Physicians, understandably,
may be reluctant to submit performance measure and
outcome data that could generate a “report card,”
particularly if outcome reporting focuses on negative
outcomes, as is the case with the New York State Health
Department’s public reporting of mortality, by surgeon,
following coronary bypass surgery.
The Bridges to Excellence
Diabetes Care Link takes a decidedly different
approach. Participating physicians submit to NCQA
process and outcome measures (such as HbA1c, blood
pressure, and lipid profiles) for their diabetic
patients. Prior to submission, patient data are
stripped of certain identifiers, including name,
address, and social security numbers. These identifiers
are replaced by randomly assigned identification numbers
that preserve confidentiality and comply with HIPAA.
NCQA and the American
Diabetes Association, in what is known as the Diabetes
Physician Recognition Program (DPRP), award physicians
who satisfy these process and outcome measures a
one-year or three-year “certification”. These
physicians are recognized on NCQA’s web site.

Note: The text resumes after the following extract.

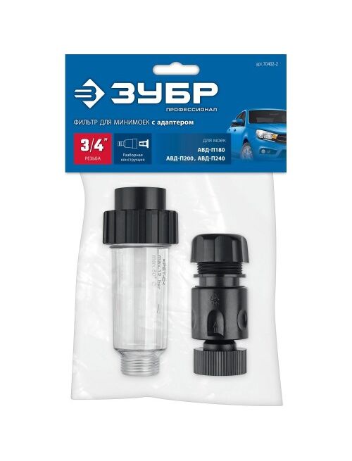 Входной фильтр для минимоек с адаптером 3/4 в комплекте ЗУБР 70402-2 применяется для очистки входной воды от механических примесей. Имеет быстросъемное соединение для стандартного подключения шлангов.

Physicians who do not achieve recognition are not
publicly identified. Certification, in this sense,
operates as a “positive-spin” report card, rather than a
negative report card, which should assuage some
physician concern.
Physicians and hospitals
alike have a legitimate concern about what might happen
if outcome data were to get into the hands of
malpractice attorneys. Ultimately, to expect providers
fully to buy into adopting performance measures and
reporting outcomes, it is necessary for
legislatures—federal and state—to create “safe harbors”
to protect against introducing performance data into
evidence in litigation against providers.

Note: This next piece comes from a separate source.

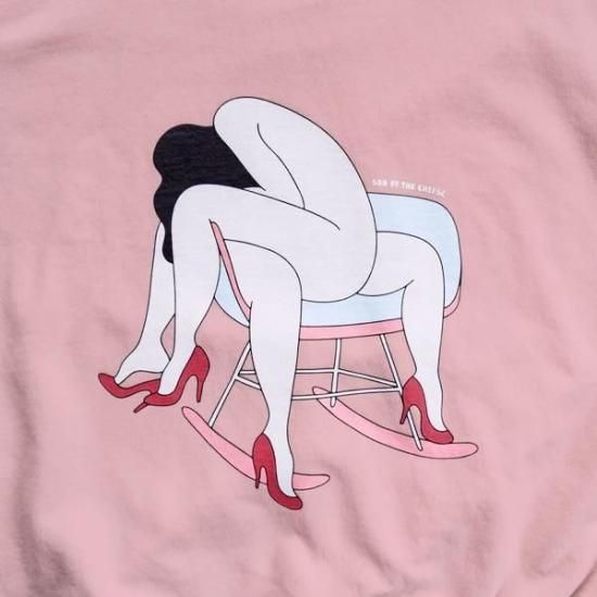 女性と象徴的なインテリアや名作チェアを組み合わせて描くことで知られるFUCCIによる一枚。

Ohio’s H.B. 197, as passed
by Ohio’s General Assembly, represents a good, first
step toward achieving that protection by prohibiting
performance measure information from being used as
evidence in any civil, criminal, or administrative
proceeding.
For now, physician participation in pay-for-performance
initiatives that are being offered through Bridges to
Excellence, as well as through various managed care
plans and coalitions in northeast Ohio, presents minimal
liability risk. At the same time, bonuses paid through
these programs may give practices a much-needed economic
shot in the arm and, at the same time, give physicians a
head start toward meeting the challenge that CMS
pay-for-performance programs will present.
_____________________________
Joe Feltes
is a Shareholder and member of the Health & Medicine Practice Group.
He can be contacted at
jfeltes@bdblaw.com
or 330.491.5225.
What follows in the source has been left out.